■ Entries provided:

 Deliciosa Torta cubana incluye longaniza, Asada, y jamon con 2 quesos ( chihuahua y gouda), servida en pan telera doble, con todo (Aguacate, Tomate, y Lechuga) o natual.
* * *
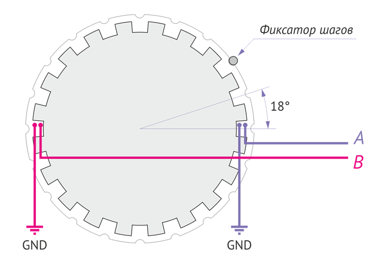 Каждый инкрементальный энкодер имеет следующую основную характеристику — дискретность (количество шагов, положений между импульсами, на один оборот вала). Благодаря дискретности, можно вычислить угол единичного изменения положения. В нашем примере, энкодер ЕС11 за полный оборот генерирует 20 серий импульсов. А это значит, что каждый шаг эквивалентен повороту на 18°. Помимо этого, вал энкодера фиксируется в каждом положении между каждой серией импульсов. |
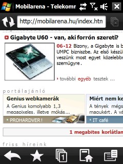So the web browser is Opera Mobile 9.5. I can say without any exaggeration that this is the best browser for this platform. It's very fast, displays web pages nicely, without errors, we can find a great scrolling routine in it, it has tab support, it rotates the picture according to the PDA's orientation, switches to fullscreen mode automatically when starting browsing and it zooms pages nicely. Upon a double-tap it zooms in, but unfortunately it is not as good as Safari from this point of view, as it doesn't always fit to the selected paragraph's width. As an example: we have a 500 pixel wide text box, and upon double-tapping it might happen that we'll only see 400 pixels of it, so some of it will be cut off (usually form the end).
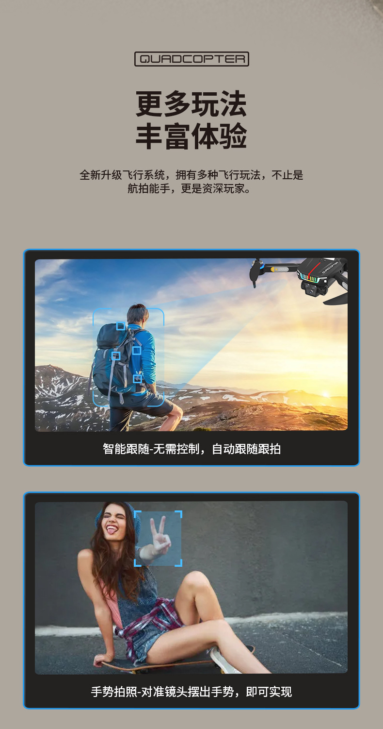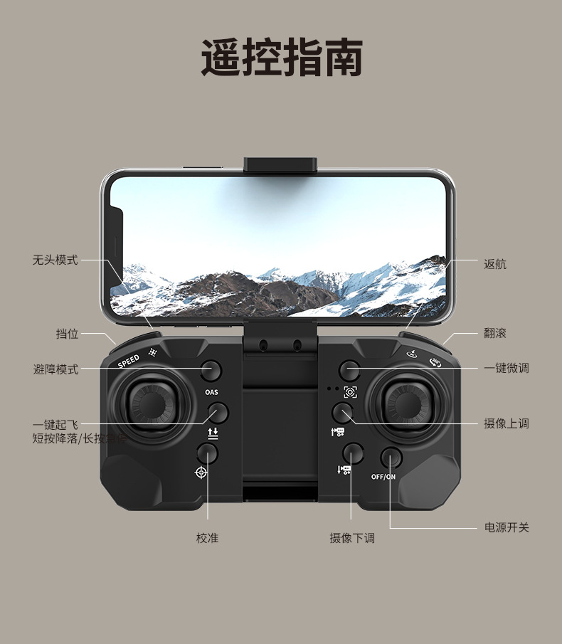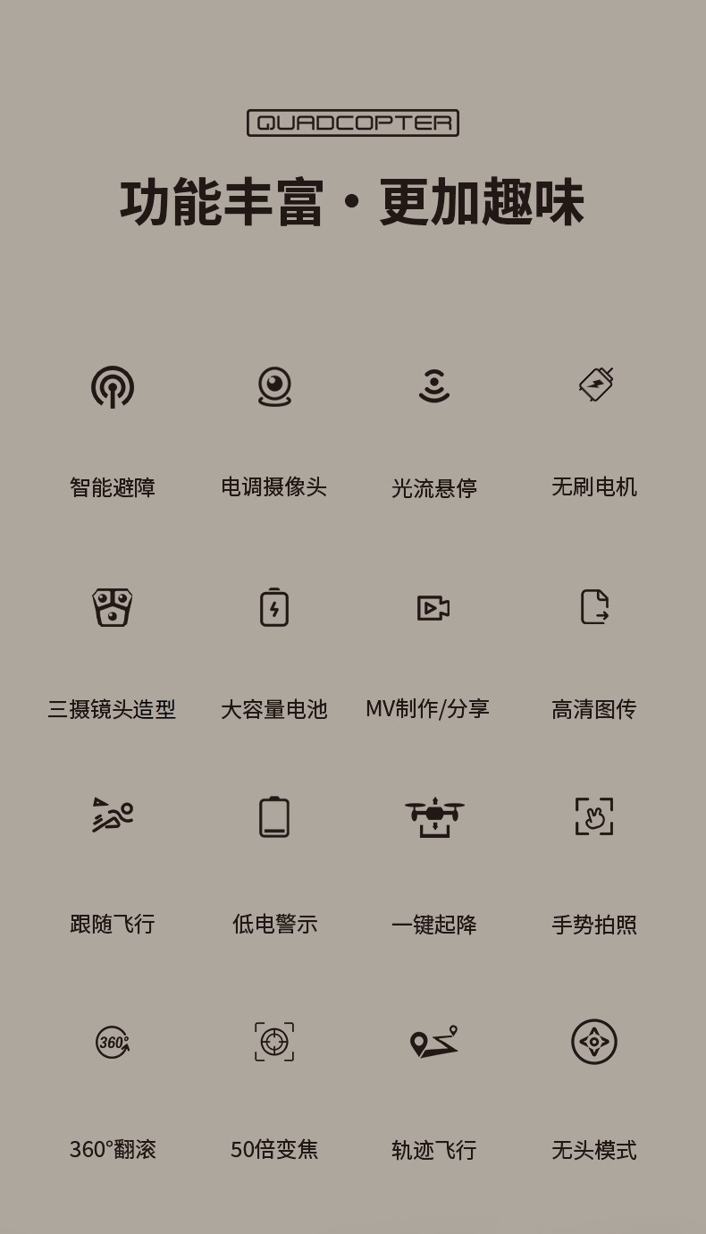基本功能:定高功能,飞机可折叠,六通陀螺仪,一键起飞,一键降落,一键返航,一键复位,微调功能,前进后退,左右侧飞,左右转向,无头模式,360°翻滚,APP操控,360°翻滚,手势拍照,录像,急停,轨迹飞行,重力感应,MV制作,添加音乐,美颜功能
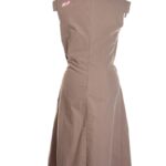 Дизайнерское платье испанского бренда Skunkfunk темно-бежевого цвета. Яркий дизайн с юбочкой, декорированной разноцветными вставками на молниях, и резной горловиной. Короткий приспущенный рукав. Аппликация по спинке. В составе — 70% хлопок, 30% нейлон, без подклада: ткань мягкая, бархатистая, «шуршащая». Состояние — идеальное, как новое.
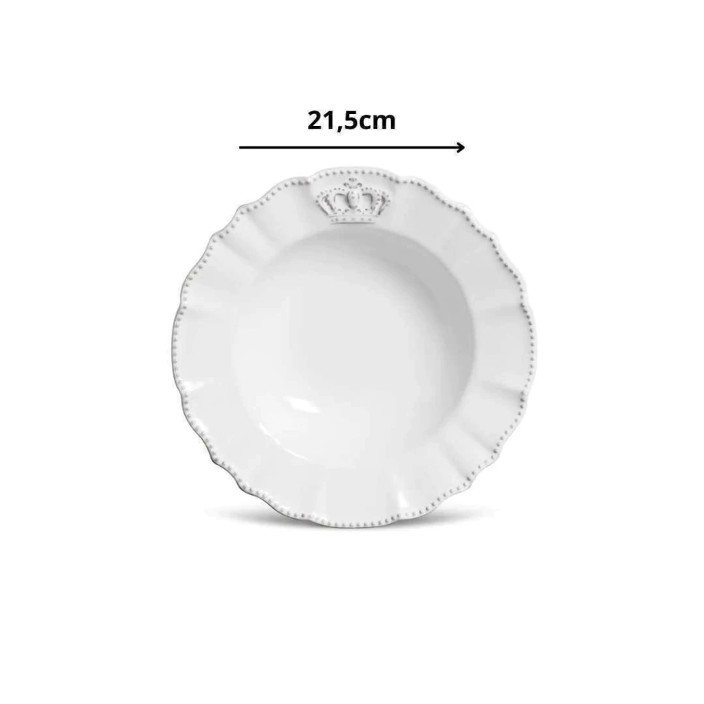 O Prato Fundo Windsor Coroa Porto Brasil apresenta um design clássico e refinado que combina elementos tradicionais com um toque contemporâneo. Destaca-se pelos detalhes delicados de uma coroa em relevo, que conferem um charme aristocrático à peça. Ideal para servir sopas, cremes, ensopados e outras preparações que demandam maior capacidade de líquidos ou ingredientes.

■ Exercise requirements:
Drop the pictures; return the lines above from the line containing "基本功能:定高功能,飞机可折" to the line containing "Дизайнерское платье испанского", both included, exactly.

■ Task result:
基本功能:定高功能,飞机可折叠,六通陀螺仪,一键起飞,一键降落,一键返航,一键复位,微调功能,前进后退,左右侧飞,左右转向,无头模式,360°翻滚,APP操控,360°翻滚,手势拍照,录像,急停,轨迹飞行,重力感应,MV制作,添加音乐,美颜功能
 Дизайнерское платье испанского бренда Skunkfunk темно-бежевого цвета. Яркий дизайн с юбочкой, декорированной разноцветными вставками на молниях, и резной горловиной. Короткий приспущенный рукав. Аппликация по спинке. В составе — 70% хлопок, 30% нейлон, без подклада: ткань мягкая, бархатистая, «шуршащая». Состояние — идеальное, как новое.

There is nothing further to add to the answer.